**What is being asked**
The data is to be repeated exactly, with the images removed.

**Stored data**

┄┄┄┄┄┄

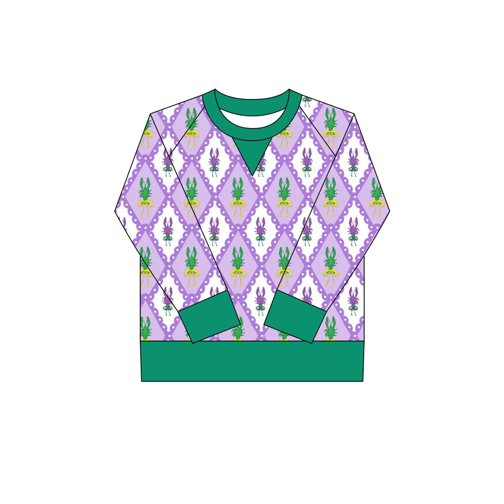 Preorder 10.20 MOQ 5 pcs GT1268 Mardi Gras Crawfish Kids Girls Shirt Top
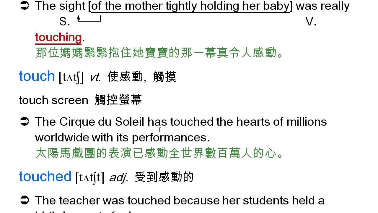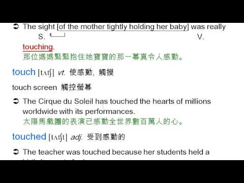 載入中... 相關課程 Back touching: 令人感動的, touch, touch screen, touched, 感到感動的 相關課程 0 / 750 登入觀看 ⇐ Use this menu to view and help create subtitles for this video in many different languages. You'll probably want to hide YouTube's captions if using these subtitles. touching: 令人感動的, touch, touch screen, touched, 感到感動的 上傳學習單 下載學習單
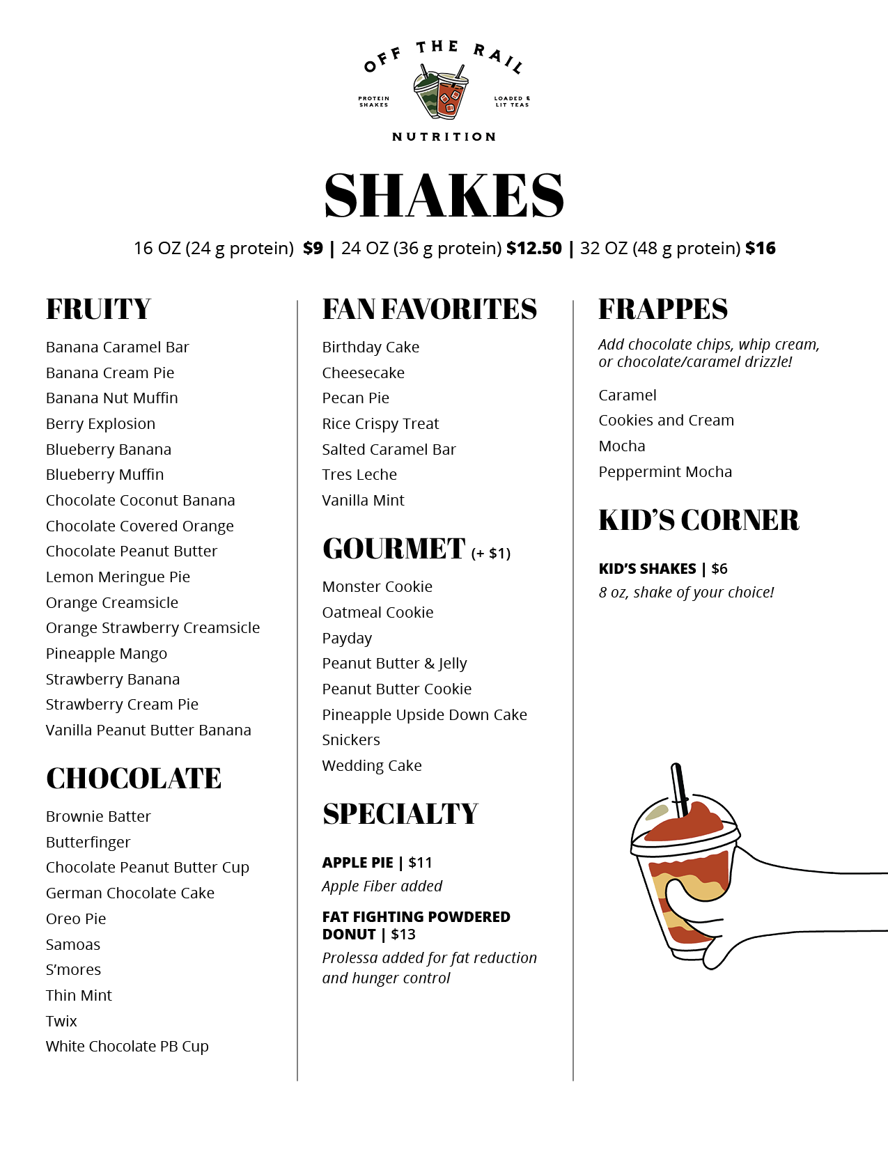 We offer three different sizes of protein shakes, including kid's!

┄┄┄┄┄┄

**Answer to the problem**
 Preorder 10.20 MOQ 5 pcs GT1268 Mardi Gras Crawfish Kids Girls Shirt Top
 載入中... 相關課程 Back touching: 令人感動的, touch, touch screen, touched, 感到感動的 相關課程 0 / 750 登入觀看 ⇐ Use this menu to view and help create subtitles for this video in many different languages. You'll probably want to hide YouTube's captions if using these subtitles. touching: 令人感動的, touch, touch screen, touched, 感到感動的 上傳學習單 下載學習單
 We offer three different sizes of protein shakes, including kid's!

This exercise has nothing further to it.